Fakat birkaç yıl sonra tablo değişti. İkinci Körfez Savaşı ve Meclis’te reddedilen tezkere kararının ardından, San Diego’daki kongrede bu kez kürsüde eski dışişleri bakanlarından Henry Kissinger vardı. Deniz üssüne bakan devasa bir salonda, alaycı bir gülümsemeyle, “Neden Ortadoğu’ya gidiyoruz?” diye sordu. Ardından şöyle dedi: “Çünkü biz eski Roma’dan bile güçlüyüz, dünyayı biz yönetiyoruz. Ortadoğu’da demokrasi yok. Bir tek Türkiye var ama o da demokrasicilik oynuyor.” Bu kez hepimiz çok öfkelendik ve üzüldük. 

‘SORUYU GEÇİŞTİRDİ’

Başka bir kongrede bu kez Condoleezza Rice sahnedeydi. ABD’nin eski dışişleri bakanı Rice, Ortadoğu politikalarını anlattı. Önümüzdeki yıllarda bölgenin haritalarının değişebileceğini ima etti. Çin’in önümüzdeki 15 yılda ekonomik olarak güçleneceğini, bu büyümeyle birlikte Çin halkının taleplerinin de değişeceğini ve bunun Çin için yeni sorunlar doğuracağını söyledi. Çin’in Güney Çin Denizi ve Pasifik’te etkisini artıracağını, Rusya’nın ise iç meselelerle uğraşmak zorunda kalacağını belirtti. Bugün bakınca, Rice’ın birçok tahmininin gerçekleştiğini görüyoruz. 

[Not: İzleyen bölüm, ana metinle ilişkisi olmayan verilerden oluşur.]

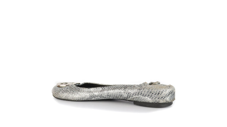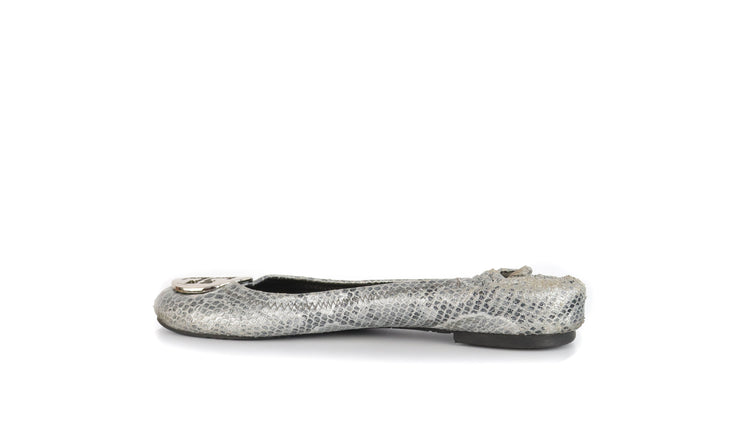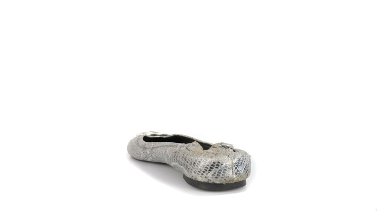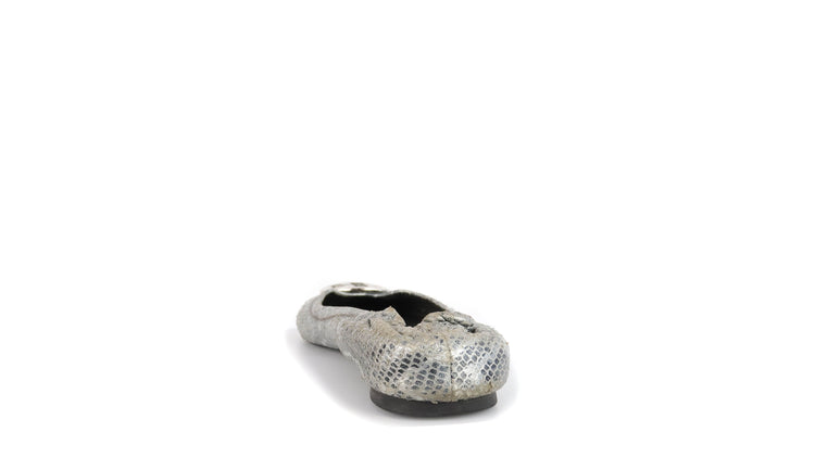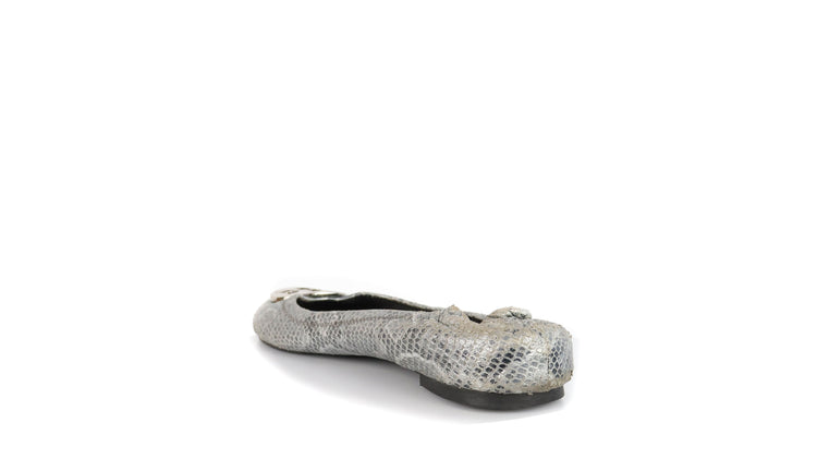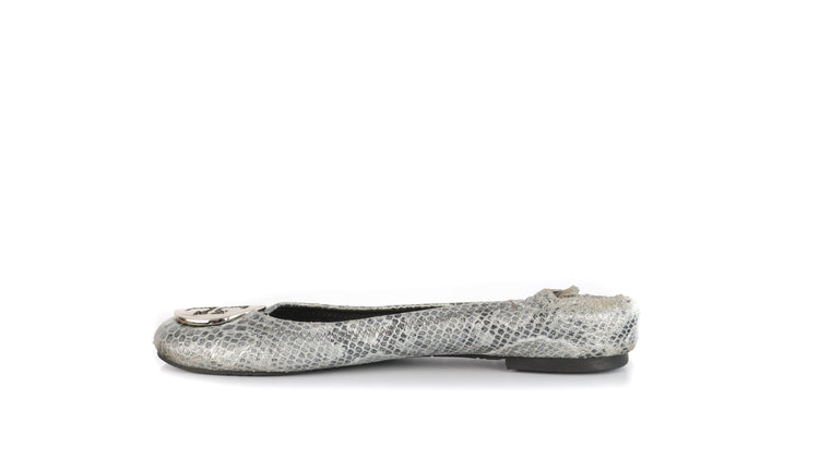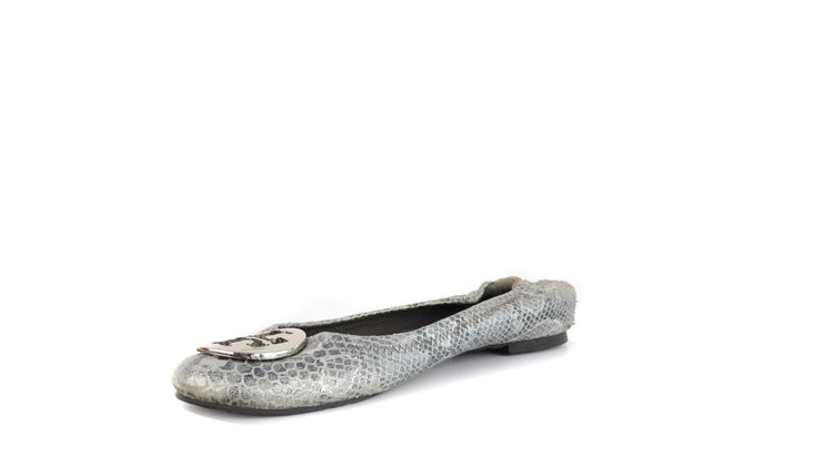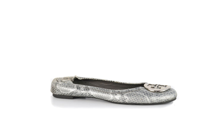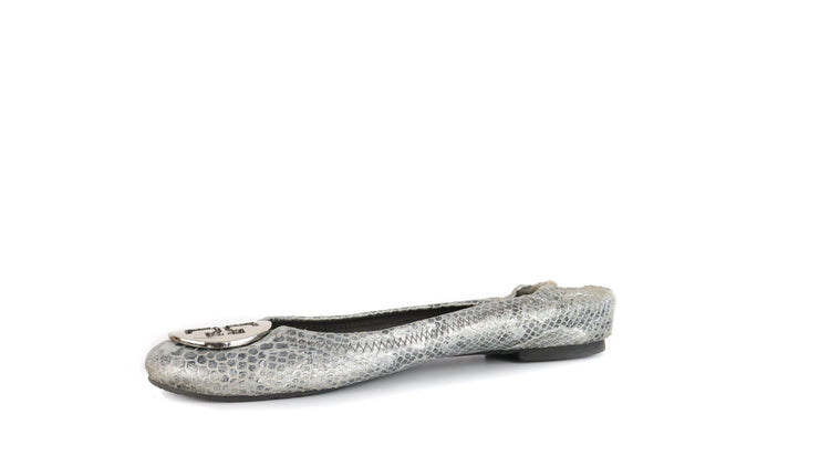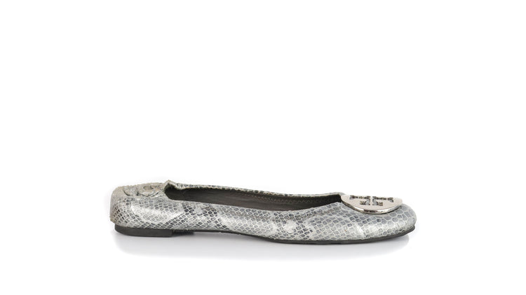 Flats de la marca Tory Burch, confeccionados en piel de becerro súper suave color plateado con puntera redonda, estilo slip-on, placa metálica del logo de la marca, plantilla con los logos y suela plana.

Konuşmasının sonunda Rice bizlere kendi yazdığı “Extraordinary, Ordinary People: A Memoir of Family”(Olağanüstü, Sıradan İnsanlar: Bir Aile Anıları) adlı kitabını hediye etti. Kitabını imzalatmak üzere sıraya girdim. Sıra bana geldiğinde, Türkiye’den geldiğimi söyleyerek bahsettiği sınır değişikliklerinin ülkemizi nasıl etkileyeceğini sordum. Gülümseyerek soruyu geçiştirdi. O gün için basit bir kaçış gibi görünen bu tavrın, bugün yaşanan gelişmeler ışığında çok daha anlamlı olduğunu düşünüyorum. 

Bugüne dönersek... İran ile İsrail arasındaki gerilimin tek sebebi gerçekten İran’ın nükleer silah çalışmaları mı? Biraz tarih bilenler, bu iki halk arasındaki nefretin çok daha eskiye, hatta milattan önceki yüzyıllara dayandığını bilir. MÖ 5. yüzyılda Babil Kralı II. Nebukadnezar döneminde Yahudiler Filistin’den sürülmüştür. Bu olay, Nahuca Operası gibi eserlerle zaman zaman güncellenerek anlatılmıştır. 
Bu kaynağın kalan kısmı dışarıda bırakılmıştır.